Building T5 with `--debug_mode` flag causes it to not run successfully
System Info
CPU: x86_64 OS: Linux Ubuntu GPU: Nvidia A100 and A10G (through Latitude.sh and AWS EC2, respectively) TensorRT-LLM version: 0.9.0
Who can help?
No response
Information
- [X] The official example scripts
- [ ] My own modified scripts
Tasks
- [X] An officially supported task in the
examplesfolder (such as GLUE/SQuAD, ...) - [ ] My own task or dataset (give details below)
Reproduction
When I convert and build a T5 model (I tried t5-small and t5-base from HuggingFace for my attempt) with no --remove_input_padding and the --debug_mode build flag enabled (all other params equal to the example command for a single GPU in the example README) on an NVIDIA A100 or A10G GPU, encoder_run fails with the following error:
[04/12/2024-21:13:17] [TRT] [E] 3: [executionContext.cpp::enqueueV3::2650] Error Code 3: API Usage Error (Parameter check failed at: runtime/api/executionContext.cpp::enqueueV3::2650, condition: mContext.profileObliviousBindings.at(profileObliviousIndex) || getPtrOrNull(mOutputAllocators, profileObliviousIndex) )

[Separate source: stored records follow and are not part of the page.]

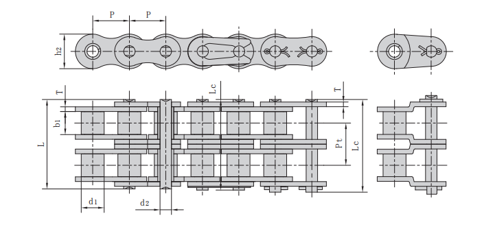 鏈號(hào) 節(jié)距 滾子直徑 內(nèi)節(jié)內(nèi)寬 銷(xiāo)軸直徑 銷(xiāo)軸長(zhǎng)度 內(nèi)鏈板高度 鏈板厚度 排距 抗拉強(qiáng)度 平均抗拉強(qiáng)度 每米長(zhǎng)重
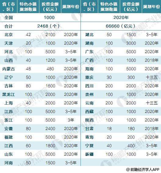 2018 年全國 31 省市特色小鎮最新政策及建設規劃匯總
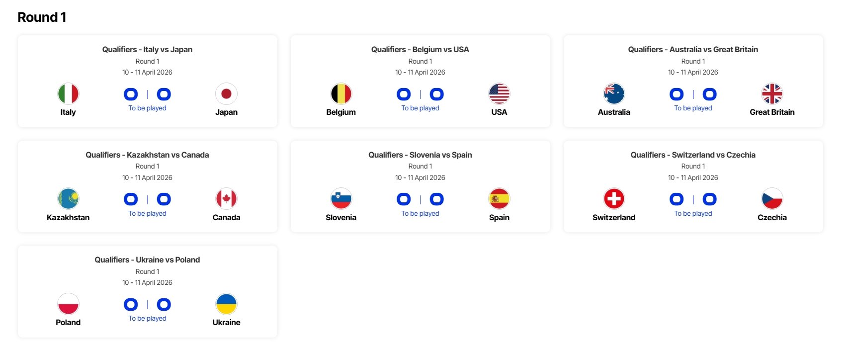 意大利 vs 日本比利时 vs 美国澳大利亚 vs 英国哈萨克斯坦 vs 加拿大斯洛文尼亚 vs 西班牙瑞士 vs 捷克波兰 vs 乌克兰

The error does not occur when running on an NVIDIA H100, so seems localized to the sm86 architecture (potentially others as well, but I've only tried on sm90 and sm86).
Expected behavior
Successful run of TensorRT-LLM version of a T5 model with layer-by-layer outputs printed out for debug purposes.
actual behavior
Runtime execution failed assert failure in encoder_run, preceded by Error Code 3: API Usage Error (Parameter check failed at: runtime/api/executionContext.cpp::enqueueV3::2650, condition: mContext.profileObliviousBindings.at(profileObliviousIndex) || getPtrOrNull(mOutputAllocators, profileObliviousIndex) ) during the execution of self.encoder_session.run(inputs, outputs, self.stream.cuda_stream)
additional notes
I tried googling the error, but results were generally unhelpful. This could be an issue stemming from TensorRT and not the TensorRT-LLM wrapper.
@symphonylyh any updates?
@varyn-woo , Apologies for the very delayed response. Is this ticket still relevant? If so, could you try the latest version to see if the issue persists?
Issue has not received an update in over 14 days. Adding stale label.
Closing this issue as stale. If the problem persists in the latest release, please feel free to open a new one. Thank you!